If that’s the case, what you are seeing might be an issue with NFS attribute caching or write caching, which causes files created from one machine to not appear
until some time later (from the perspective of other machines). The PBS job notifications are not impacted by the filesystem latencies.
You can prove this by experiment if you alter the finish_job method in lib/galaxy/jobs/runners/pbs.py to do a sleep/wait loop, waiting up to 60 seconds for
the files to be readable. If that hack works, latency is your problem.
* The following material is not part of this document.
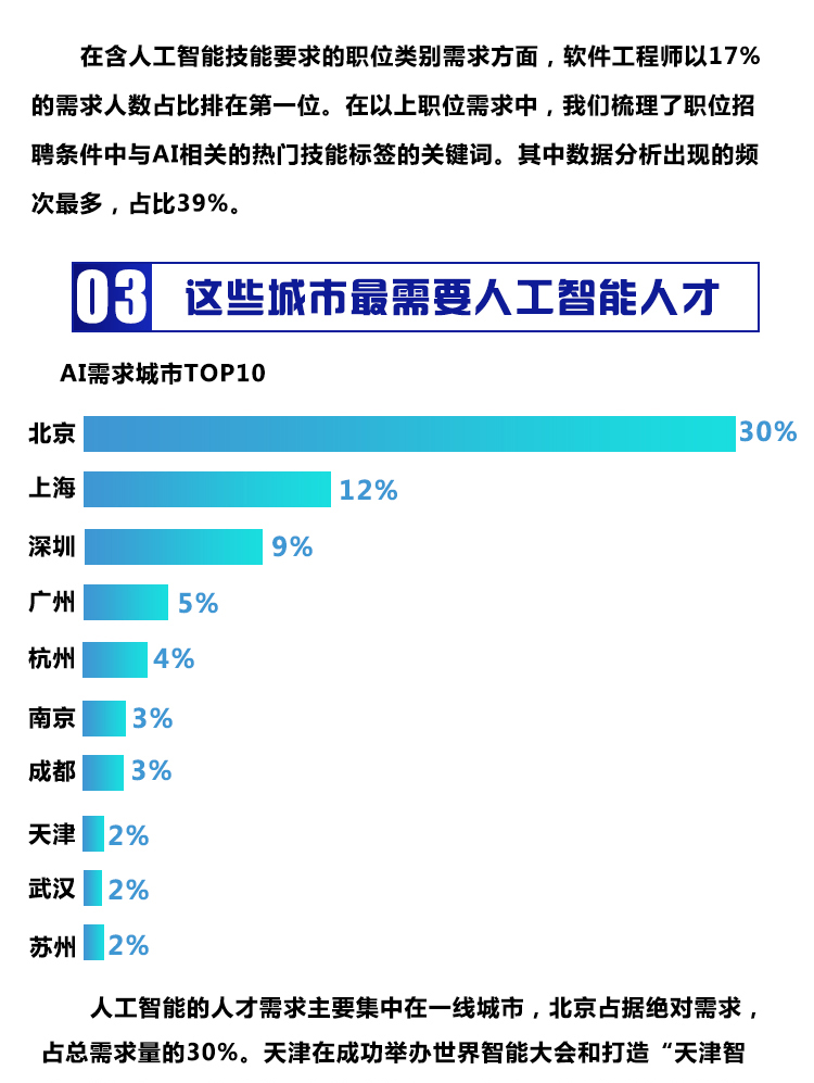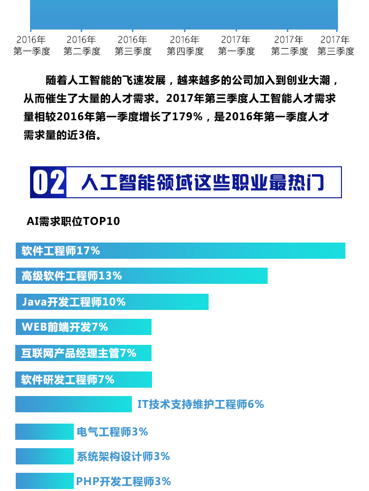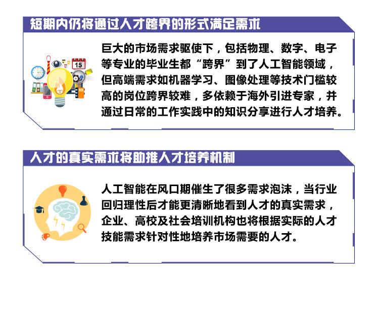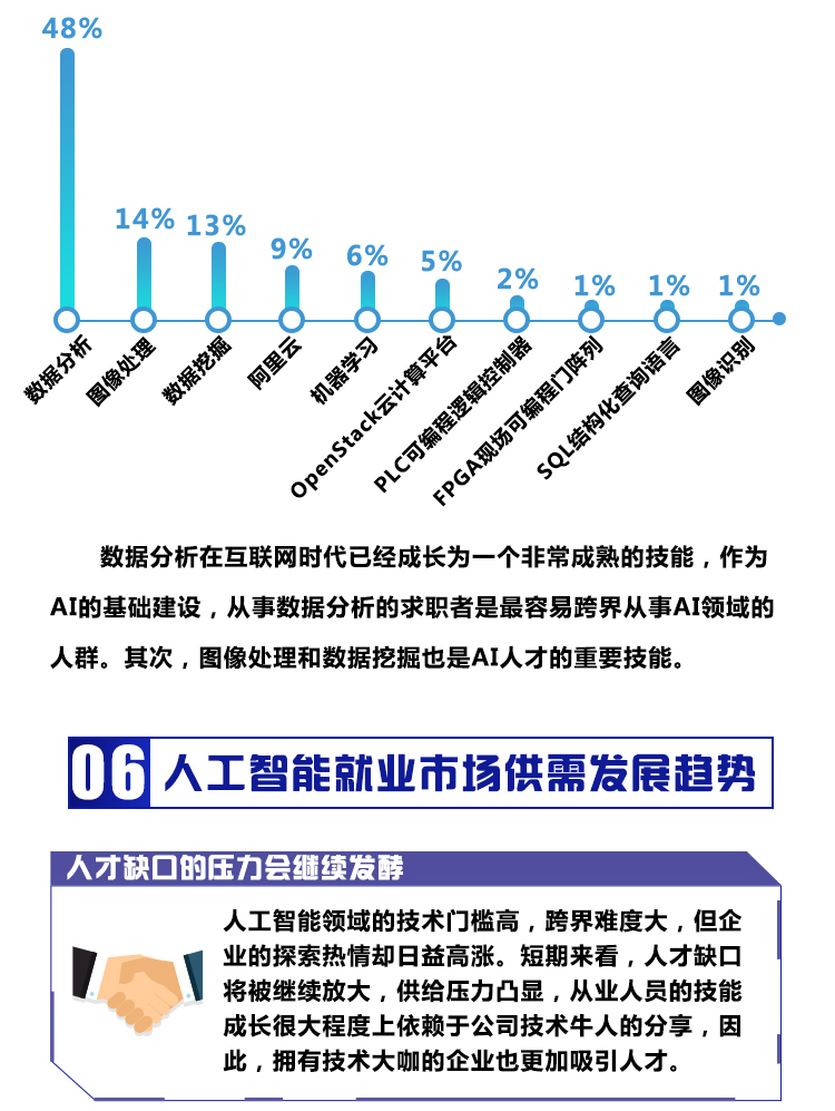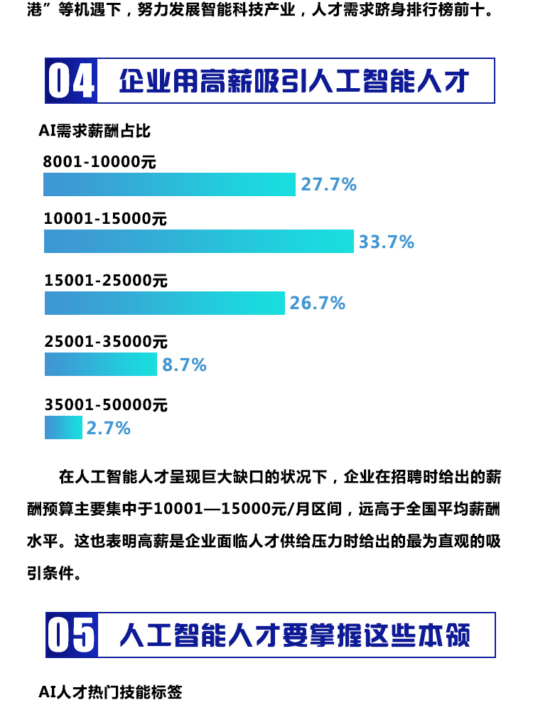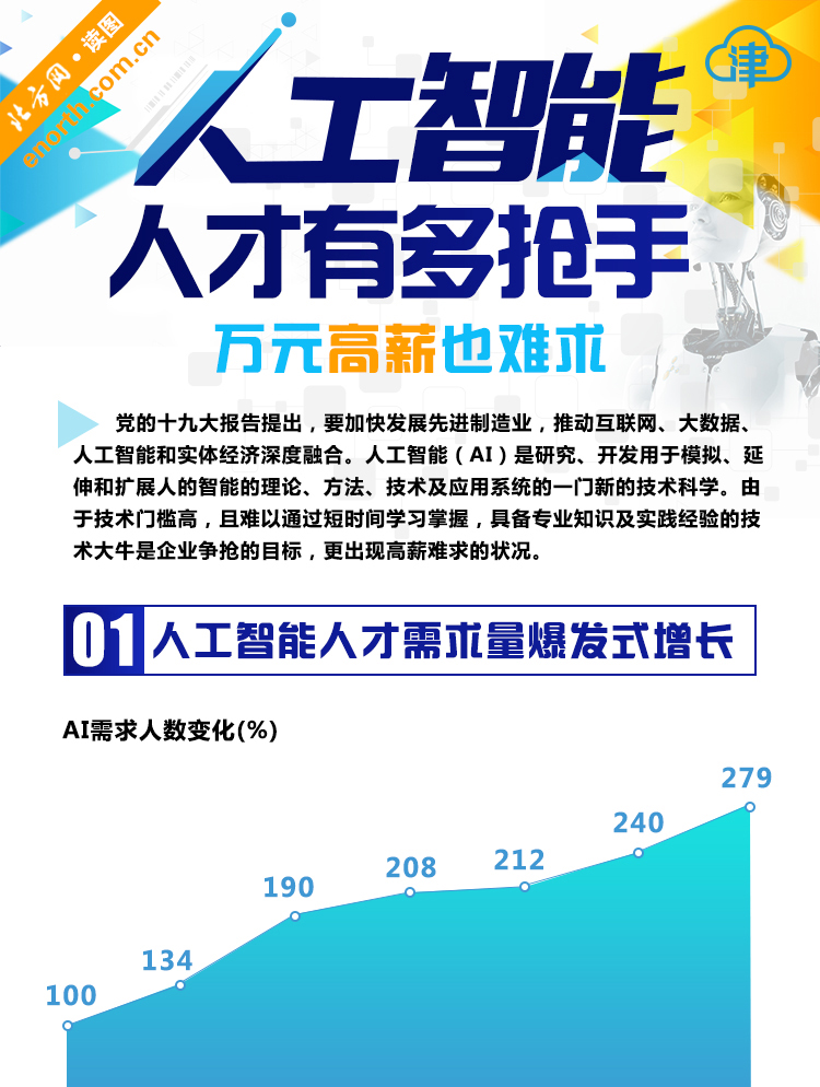 內(nèi)容提要:黨的十九大報告提出,要加快發(fā)展先進(jìn)制造業(yè),推動互聯(lián)網(wǎng)、大數(shù)據(jù)、人工智能和實體經(jīng)濟(jì)深度融合。人工智能(AI)是研究、開發(fā)用于模擬、延伸和擴(kuò)展人的智能的理論、方法、技術(shù)及應(yīng)用系統(tǒng)的一門新的技術(shù)科學(xué)。由于技術(shù)門檻高,且難以通過短時間學(xué)習(xí)掌握,具備專業(yè)知識及實踐經(jīng)驗的技術(shù)大牛是企業(yè)爭搶的目標(biāo),更出現(xiàn)高薪難求的狀況。(北方網(wǎng)編輯張瑜 王舒瑤)

The solution is either to:
-
Configure your mounts not to use attribute caching (has performance impacts), or
-
Make the hack permanent.
This happened to us on SGE, which is why I know these details ;-}
John Duddy
Sr. Staff Software Engineer
Illumina, Inc.
9885 Towne Centre Drive
San Diego, CA 92121
Tel: 858-736-3584
E-mail: jduddy@illumina.com
From: galaxy-dev-bounces@lists.bx.psu.edu [mailto:galaxy-dev-bounces@lists.bx.psu.edu]
On Behalf Of Luobin Yang
Sent: Monday, October 17, 2011 10:31 AM
To: galaxy-dev@lists.bx.psu.edu
Subject: [galaxy-dev] What's causing this error?
Hi,
Recently I moved my locally installed Galaxy from a local hard drive to an NFS mounted hard drive, when I run some tools, I go the following error from the log file:
Job output not returned by PBS: the output datasets were deleted while the job was running, the job was manually dequeued or there was a cluster error.
I am pretty sure the job was not manually dequeued. Any idea how this happened and how this can be fixed?
Thanks,
Luobin